Firstly, the authors cite a study by Damas et al (Damas et al. 2016) as evidence that muscle damage is not involved in the hypertrophic response. However, this study was not designed to investigate a cause-effect relationship, or even correlation, between muscle damage and growth. While the study eloquently demonstrated that an initial bout of damage was explanatory as to why muscle protein synthesis is not associated with exercise-induced hypertrophy over time, it in no way can be used to draw inferences as to the long-term effects of damage on muscular adaptations. To properly study the topic would require carrying out a longitudinal resistance training (RT) study whereby one group experienced a predetermined level of damage and then comparing with another group that experienced minimal damage. Unfortunately, such a design is problematic as attempting to isolate damage in this fashion would invariably involve altering other RT variables that would confound the ability to draw causality. With respect to the Damas et al (Damas et al. 2016) study, it is impossible to determine whether some level of muscle damage experienced by subjects contributed to the observed hypertrophic changes in the study. Moreover, it is not clear whether more (or less) damage may have influenced hypertrophy over time. The only thing that can be concluded in this regard is that an initial exercise bout in untrained individuals appears to be directed toward structural repair as opposed to hypertrophy; the effects of repeated exposure to varying levels of damage beyond the initial bout cannot be extrapolated from the study design.
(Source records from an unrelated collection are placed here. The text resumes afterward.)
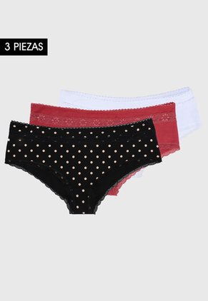 Pantie X3 Blanco-Vinotinto Lili Pink Panty tipo hipster en algodón con encaje en las piernas y en el frente. Suave elástico en la cintura que no marca. Talle bajo y cubrimiento medio atrás. Refuerzo en algodón. • Fit: Slim fit • Origen: Producto Nacional • Talla: S ESTE PRODUCTO NO TIENE CAMBIO NI DEVOLUCIÓN.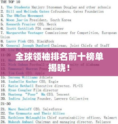 全球领袖排名前十榜单揭晓!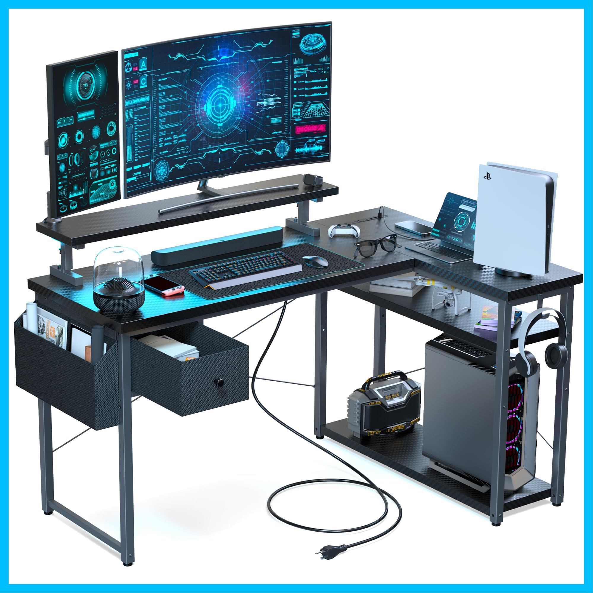 【収納力が抜群なL字デスク】l字型のデスクによる広々とした天板、かつ収納袋と引き出し付きで、収納力が満載し、オフィスでもゲーミングでも、十分なスペースを確保します。”L字”の部分は左右設置可能で、狭い空間でもコーナーを活用できます。ゲーム部屋、在宅勤務、作業机、書斎机、学習机にも色々大活躍です。
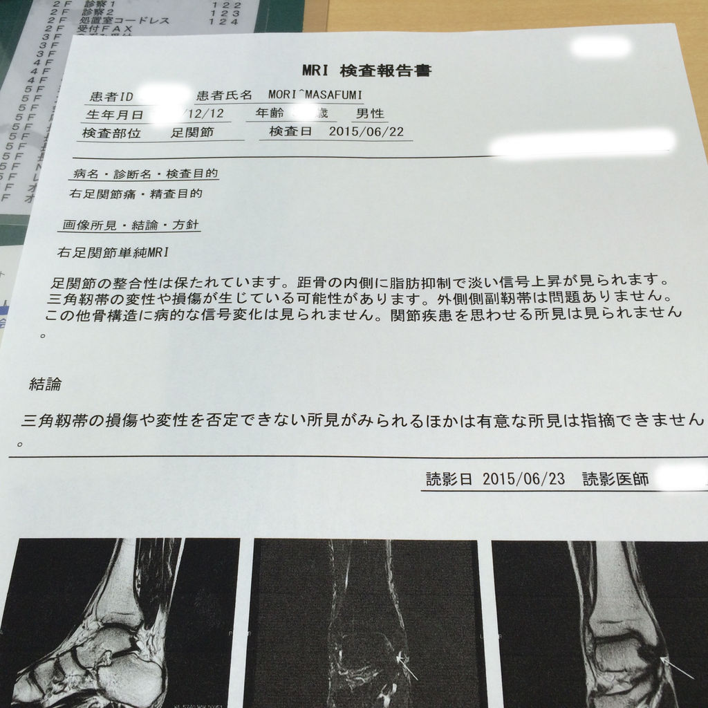 「結論 三角靱帯の損傷や変形を否定できない所見が見られるほかは有意な所見は指摘できません」

Second, the authors go on to cite the recent meta-analysis from our group (Schoenfeld et al. 2017) as evidence that there are no hypertrophic differences between the performance of concentric and eccentric actions and thus, given the well-established link between eccentric actions and micro-injury, indirectly inferring that muscle damage does not play a role in muscle growth. The authors’ conclusion was based on a priori alpha analysis, whereby the reported p-value (p = 0.07) did not reach “statistical significance.” However, null hypothesis testing at a predetermined alpha level has been widely criticized as a flawed statistical method that should not be used to draw practical inferences (Bernards et al. 2017; Gelman and Stern. 2012; Hopkins et al. 2009). A closer inspection of our data using the reported magnitude-based statistics show that eccentric actions may indeed promote a superior hypertrophic response. As noted in our paper, the effect size difference (0.25) showed a modest but potentially meaningful magnitude of effect favoring eccentric exercise, and the 95% confidence intervals (-0.03, 0.52) clearly favored the eccentric condition. Moreover, based on the guidelines for statistics in exercise science proposed by Hopkins et al (Hopkins et al. 2009), results were likely/probably not due to chance alone. Thus, our data actually lend support to a hypertrophic benefit for eccentric actions. It also should be noted that eccentric actions have been shown to produce differential intracellular anabolic signaling responses compared to other muscle actions (Eliasson et al. 2006; Franchi et al. 2014), and the regional hypertrophic changes demonstrated between concentric and eccentric actions in several longitudinal studies have been hypothesized to be resultant to damage along the length of myofibers (Franchi et al. 2014; Hedayatpour and Falla. 2012). It remains speculative as to whether microinjury contributes to these differential effects between muscle actions, but the possibility that it may play a role cannot be dismissed based on current evidence.
Lastly, the authors make the claim that satellite cells (SC) derived from damaging exercise are not involved in hypertrophic adaptations but rather function solely to mediate tissue regeneration. In support of this view, the authors cite a study by Hyldahl et al (Hyldahl et al. 2015) who found no evidence of myonuclear addition for up to 27 days following an initial bout of lengthening contractions. However, as the authors note in their review, myonuclear addition is not realized until an increase in muscle size exceeds ~26%; the theoretical threshold above which additional myonuclei are necessary to support continued growth. A lack of increase in the incorporation of myonuclei therefore would be expected in the Hyldahl et al (Hyldahl et al. 2015) study as minimal hypertrophy would necessarily occur from an acute bout of RT. Accordingly, under these circumstances there would be no impetus for SC-mediated myonuclear addition. Whether SC accretion from exercise-induced damage potentiates hypertrophic increases over time with repeated exercise damaging exercise bouts would require a longitudinal study comparing the effects of two distinct levels of muscle damage. It also is interesting to speculate that an increase in SC via damage may be particularly important for low responders to RT as well as older individuals, as evidence shows that their ability to expand the SC pool is suppressed, which may in turn explain the observed blunted hypertrophic response (Petrella et al. 2006; Petrella et al. 2008).Whether SC derived from micro-injury could enhance hypertrophy in these populations requires future study.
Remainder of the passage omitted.